Medical imaging, such as computed tomography (CT) and magnetic resonance imaging (MRI), is now an essential part of modern healthcare. The tests provide non-invasive diagnosis for a wide range of conditions, and their use has undoubtedly improved health outcomes for many individuals. However, in many developed countries, marked increases in imaging use are now straining healthcare expenditures and threatening health system sustainability. For example, in Ontario, between 1993 and 2003, the number of CT scans increased by 400% and the number of MRI scans increased by 700% (Tu et al. 2005). Despite these massive increases in capacity, Canadians have remained concerned about unreasonable wait times for CT and MRI (Priest 2009, February 23). In response, governments have committed a considerable amount of resources to address the access problem.

The Issue

Medical imaging, such as computed tomography (CT) and magnetic resonance imaging (MRI), is now an essential part of modern healthcare. The tests provide non-invasive diagnosis for a wide range of conditions, and their use has undoubtedly improved health outcomes for many individuals. However, in many developed countries, marked increases in imaging use are now straining healthcare expenditures and threatening health system sustainability. For example, in Ontario, between 1993 and 2003, the number of CT scans increased by 400% and the number of MRI scans increased by 700% (Tu et al. 2005). Despite these massive increases in capacity, Canadians have remained concerned about unreasonable wait times for CT and MRI (Priest 2009, February 23).
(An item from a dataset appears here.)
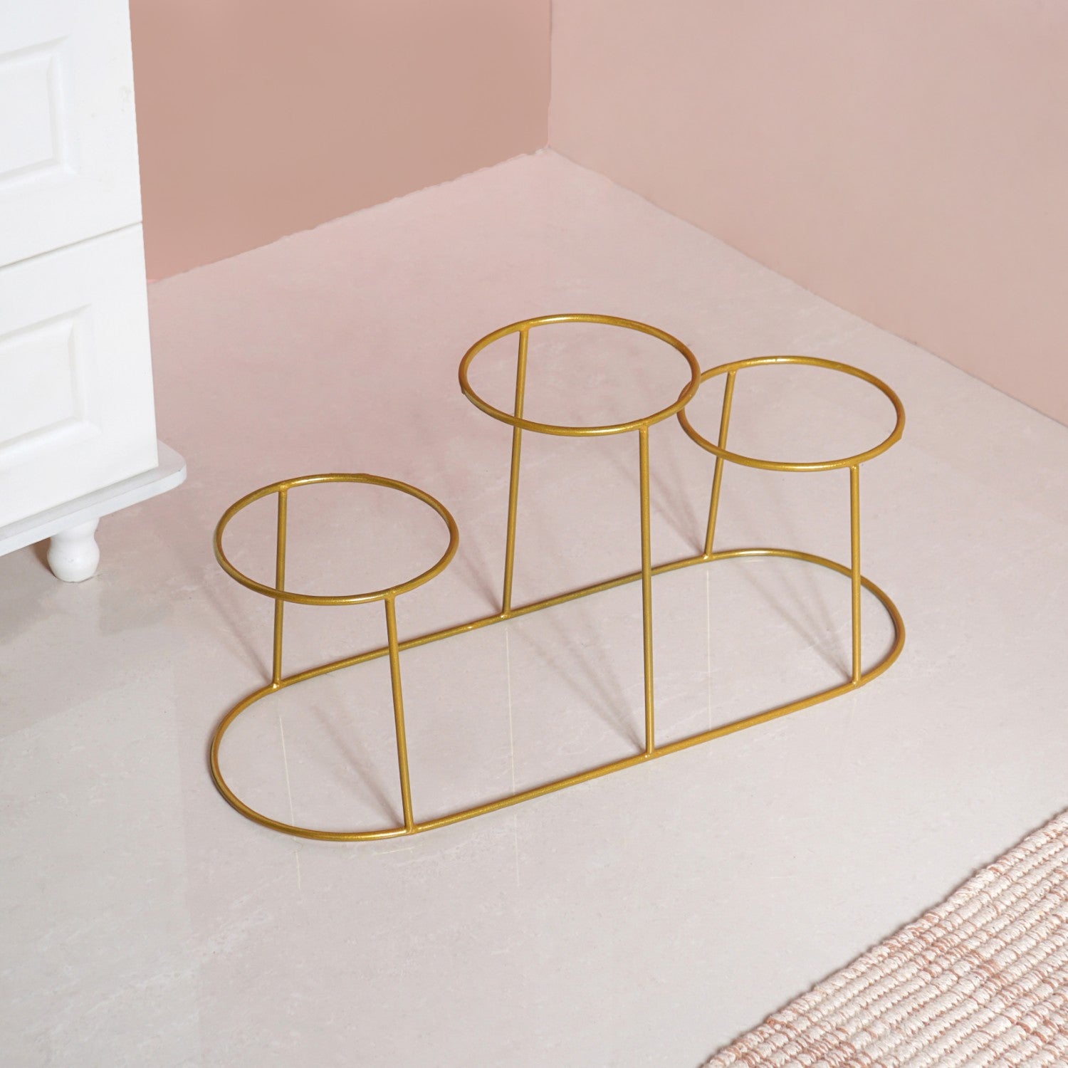 Benefits: Designed for compact living, this planter set maximises visual impact while conserving surface area. The sturdy gold ring holders keep each pot securely in place, and the wide oval base ensures balance and prevents tipping. Made from durable metal with a gold finish, the stand remains brilliant over time. The breathable terracotta pots encourage healthy root growth and include drainage holes to prevent overwatering. Lightweight yet steady, the set is easy to reposition and ideal for rearranging your space according to your mood.

In response, governments have committed a considerable amount of resources to address the access problem.

In Ontario, some progress has been made for CT. Since the launch of the provincial wait times strategy in 2004, waits for CT have been reduced from 81 to 36 days (although they still remain above the provincially set target of 28 days). However, the same cannot be said for MRI. Despite a doubling in MRI volumes between 2002 and 2006, wait times for MRI remain at 107 days – well above the 28-day target. When seeing these patterns, one obvious question is whether, in some cases, these tests are being over-prescribed.

Three recently published studies by the Institute for Clinical Evaluative Sciences (ICES) have shed some light on the question of appropriateness of diagnostic imaging in Ontario. In this brief report, we highlight the findings and implications of these studies.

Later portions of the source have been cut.